By early fall, Nguyen noted that, unlike other catastrophes such as the well-studied Quebec Ice Storm of 1998, the pandemic can be divided into two waves – the first associated with potentially an acute increase in stress levels while the second wave may be linked to more chronic, low-level stress. Prior animal and molecular studies suggest that acute and chronic stress have different effects on the mother and unborn baby (not to mention the father), she says.

Not all stress is bad, says Nguyen who points out some level of stress is part of life. “The problem is no one knows where the optimal zone is,” and the optimal stress ‘window’ most likely varies depending on the individual mother.

Potential impact on the unborn child?

Researchers hope to obtain funding to study the potential impact of women’s mental health on child outcomes, including the additional effect of pandemic-associated stress.

Scientists from the Douglas Mental Health University Institute and McGill detected a distinctive ‘signature’ in the DNA of children born in the aftermath of Quebec’s devastating Ice Storm. They concluded for the first time that maternal hardship predicted the degree of methylation of DNA in T cells, a type of immune system cell.

“There is a multitude of adverse outcomes that are associated with women’s stress during pregnancy or women’s mental health problems in pregnancy,” O’Donnell says. “What I think is fascinating about those findings is that not all children are affected. And those children that are affected can be affected in very different ways.”

Research he carried out in the U.K. showed that children born to women who experienced high levels of anxiety or depression in pregnancy have about twice the risk for emotional and behavioral difficulties. “And we see those effects as early as four years of age and they persist until at least early adulthood,” says O’Donnell, now an assistant professor at the Yale Child Study Center and Yale School of Medicine.

O’Donnell took pains to emphasize – and reassure any pregnant women reading this article – that most children are not affected.

But we need to better understand why some are, he says, “and what are the factors that we can actually intervene on to stop that from happening.”

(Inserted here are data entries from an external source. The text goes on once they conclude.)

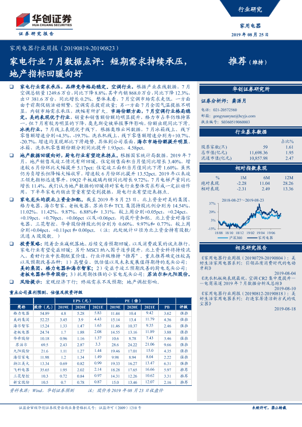【华创证券】【20190825】家电行业7月数据点评:短期需求持续承压,地产指标回暖向好-15页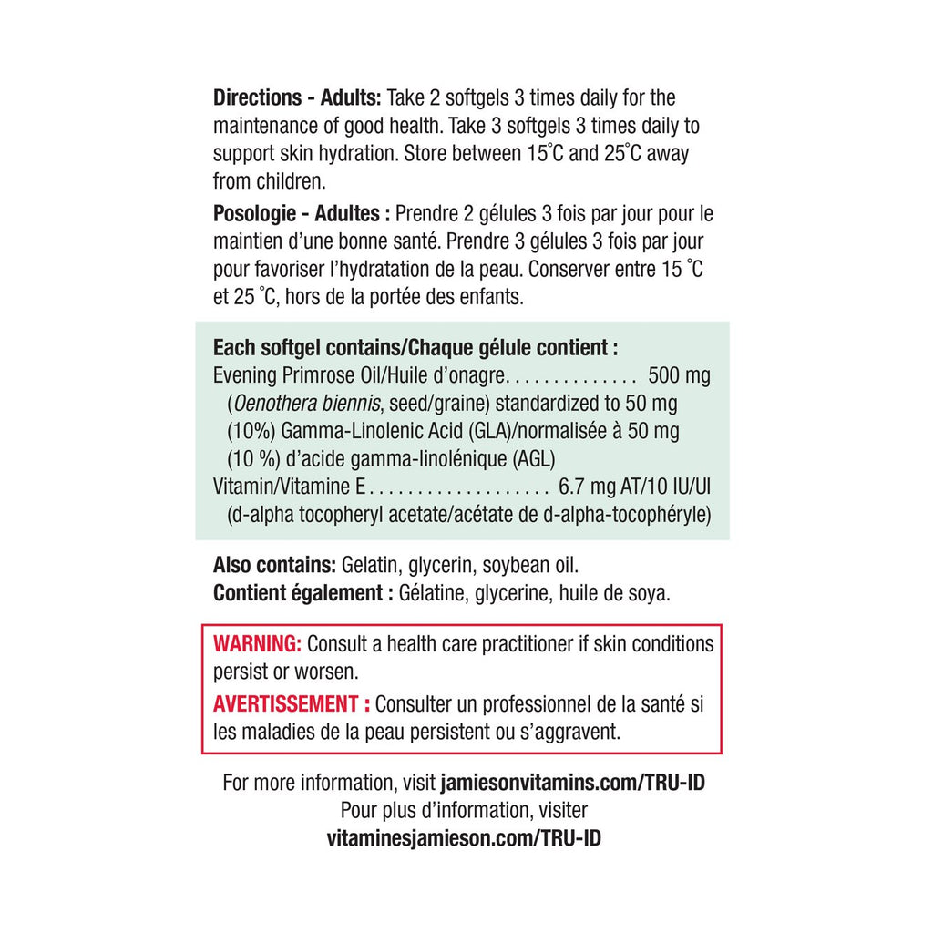 Jamieson Evening Primrose Oil is made using the purest and most premium cold-pressed oil and is fortified with the powerful antioxidant Vitamin E that is essential for the maintenance of good health. In addition to overall good health, Jamieson Evening Primrose Oil can also help maintain healthy and hydrated skin, improve skin elasticity, reduce acne related inflammation, and relieve symptoms associated with eczema.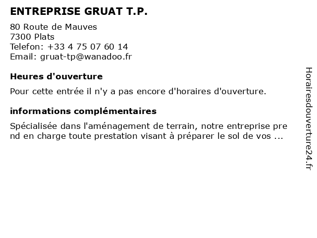 Appeler ENTREPRISE GRUAT T.P. | |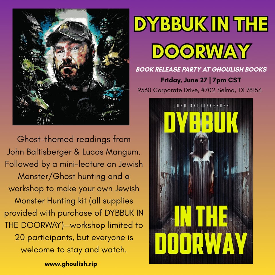 Join Lucas Mangum and John Baltisberger at Ghoulish Books in Selma, TX, to celebrate the release of DYBBUK IN THE DOORWAY, Baltisberger’s new supernatural horror novella from Anxiety Press.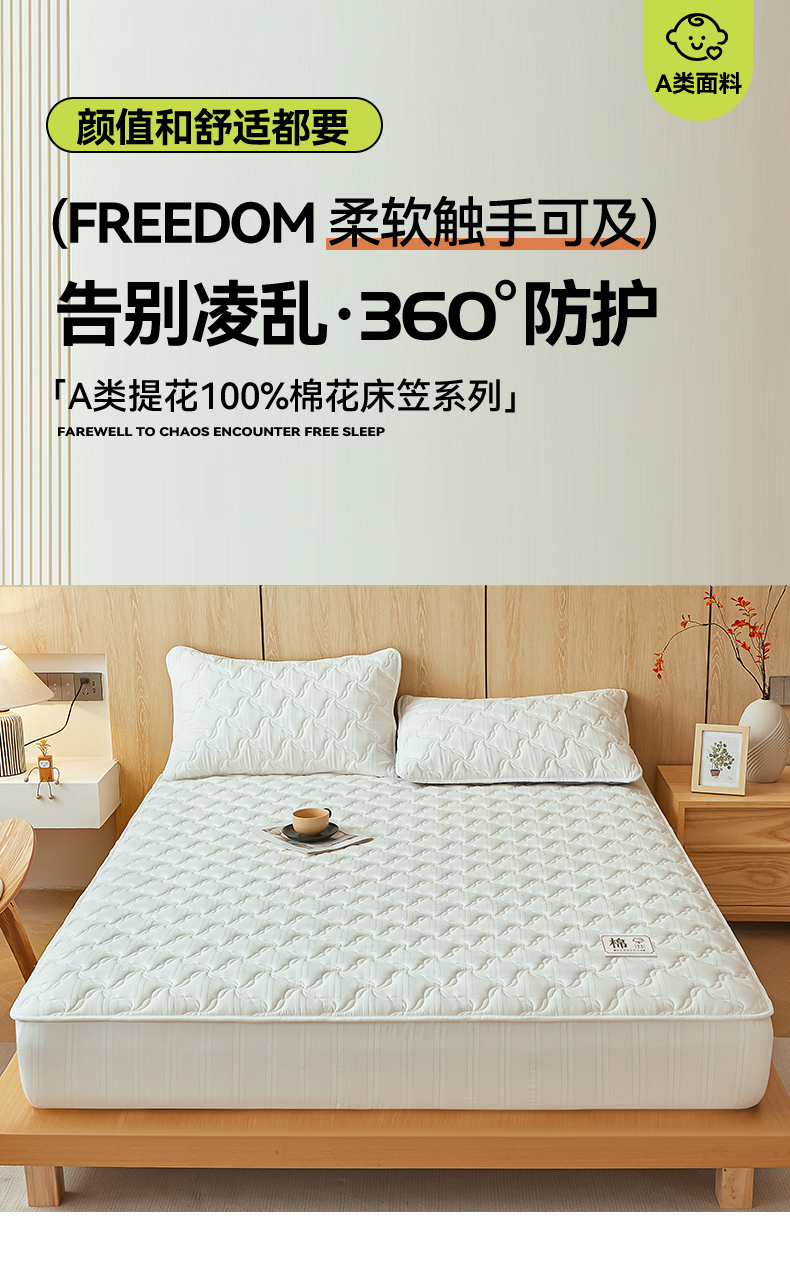 • 91家纺网 家纺一手货源 找家纺 布卢姆床垫 2025新款A类亲肤提花100%新疆棉花床笠雅岚系列 雅岚-本白

The Ludmer Centre for Neuroinformatics & Mental Health is an innovative collaboration between the Douglas Mental Health University Institute (Douglas) Research Centre, the Jewish General Hospital’s Lady Davis Institute for Medical Research, and McGill’s Montreal Neurological Institute. The Montreal Antenatal Well-Being Study is partially funded by Healthy Brains, Healthy Lives, a high-priority initiative at McGill that builds on the University’s scientific excellence and global leadership in areas of neuroscience that hold the greatest promise for delivering implementable, clinically effective outcomes in brain and mental health.